BEGIN Information supplied

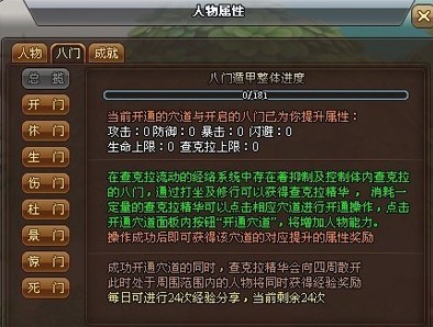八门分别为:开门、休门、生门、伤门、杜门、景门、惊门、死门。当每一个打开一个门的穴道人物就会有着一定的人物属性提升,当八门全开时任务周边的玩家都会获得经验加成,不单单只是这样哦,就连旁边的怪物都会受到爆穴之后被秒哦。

END Information supplied
BEGIN Information supplied

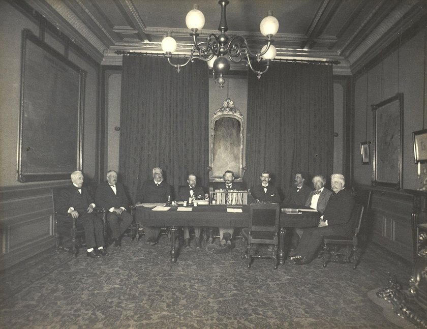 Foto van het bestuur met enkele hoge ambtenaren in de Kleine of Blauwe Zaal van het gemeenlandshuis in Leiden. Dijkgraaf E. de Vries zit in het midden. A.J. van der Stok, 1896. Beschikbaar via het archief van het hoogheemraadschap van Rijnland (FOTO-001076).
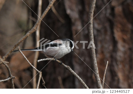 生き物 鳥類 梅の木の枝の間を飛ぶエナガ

END Information supplied

Return exactly the part of the listing above that opens with the line containing "Foto van het" and closes with the line containing "生き物 鳥類 梅の木の枝の間を飛ぶエナガ". Pictures stay out.

 Foto van het bestuur met enkele hoge ambtenaren in de Kleine of Blauwe Zaal van het gemeenlandshuis in Leiden. Dijkgraaf E. de Vries zit in het midden. A.J. van der Stok, 1896. Beschikbaar via het archief van het hoogheemraadschap van Rijnland (FOTO-001076).
 生き物 鳥類 梅の木の枝の間を飛ぶエナガ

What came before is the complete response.